The BIZENTE project presents a biological alternative to chemical recycling, a completely new approach based on the development of enzymes that selectively depolymerize the resin without attacking the fiber. Currently, there are no known enzymes that naturally attack these materials. However, technologies such as directed molecular evolution (nobel prize in chemistry in 2018) allow the design of enzymes with improved characteristics and new enzymatic functions not required in natural environments. Therefore, it is possible to design enzymes with improved catalytic capabilities, greater specificity and stability before certain temperatures or organic solvents. Within the BIZENTE project, we are working with low molecular weight model compounds in the laboratory that contain all the structural characteristics of the target resins, so that enzymes can be determined and trained to attack the bonds of said model compounds and study the products that are obtained. Once the enzymes with the greatest degradation potential of the selected resins are obtained (the project works with epoxy, vinyl ester and polyester resin), they are tested in a bioreactor with real composite materials. In this way, the real products obtained are studied and different strategies are proposed for the recovery of both the monomers or chemical blocks and the fibers.

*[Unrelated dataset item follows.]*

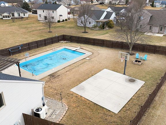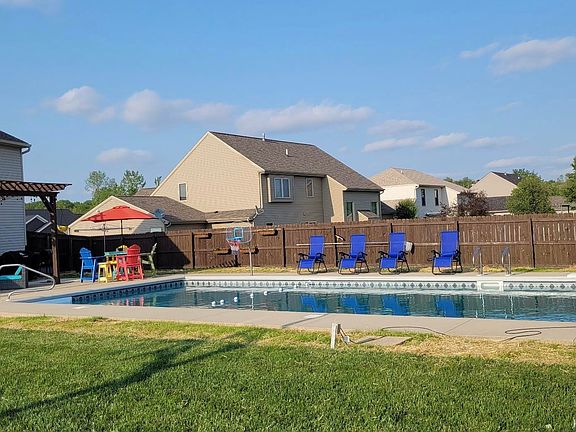**OPEN HOUSE Sunday April 13th 1-3pm** Why spend money on summer entertainment when everything you need is right in your own backyard? This incredible outdoor space is designed for endless fun and relaxation, featuring a 20'x40' heated, Treadway pool complete with a new cover, basketball hoop, and diving board. A half basketball court with an in-ground hoop offers even more recreational options, while the patio, accented by a wood pergola, includes hookups for a hot tub—perfect for unwinding after a long day. Gather around the fire pit for cozy evenings under the stars, all within the privacy of a fully fenced double lot in the desirable Carlisle Crossing neighborhood. Inside, this 4-bedroom, 2.5-bathroom home is just as impressive. New carpet and LVP flooring bring a fresh, modern feel, while updated lighting and a stylish new kitchen backsplash add to the home’s charm. The spacious kitchen boasts bold cabinetry, black stainless steel appliances, and a layout that flows seamlessly into the living and dining areas—ideal for entertaining. A cozy fireplace anchors the additional sitting room, creating a warm and inviting atmosphere. Upstairs, the large and airy primary bedroom sits at the top of the stairs, offering a bright retreat with a walk-in closet and a private en suite bathroom. Two additional bedrooms provide ample storage and flexible space for family or guests. At the end of the hall, a generously sized fourth bedroom could easily function as a home theater, playroom, or additional living area if extra bedroom space isn’t needed. With endless updates put into this home and a stellar pre-listing inspection report, you can move in with confidence knowing this home has been well cared for. Homes like this don’t last long—schedule your showing today before this opportunity is gone!

A particularity of the BIZENTE process is the need for the enzyme to be able to find in the composite residue the model compounds or structures that it is capable of identifying and separating. For this, the process requires a stage of pre-treatments, either mechanical or chemical, that allow the matrix structure to be broken and favor enzymatic attack. That is why, during the project, both grinding and micronizing are tested as well as the incorporation of dynamic covalent networks (similar to those developed in VIBES) in the structure of the resin, to evaluate the effect it has on the reactor and see if the process it is more efficient and enzymatic digestion is favored. Both projects are designed to respond to the needs of conventional thermosetting composites (derived from oil), although there is a second phase in both projects in which prototypes developed with substitute biobased resins will be tested of the current ones, as well as with biobased natural fibers such as flax or carbon fiber obtained from lignin. In this way, it is hoped to develop versatile technologies that provide a solution to both the current problem and the new sustainable composites that are to come.

The BIZENTE and VIBES projects have received funding from the Bio Based Industries Joint Undertaking (JU) within the framework of the European Union’s Horizon 2020 research and innovation program under grant agreements No. 886567 and No. 101023190, respectively. The JU receives support from the Horizon 2020 research and innovation program and the Based Industries Consortium.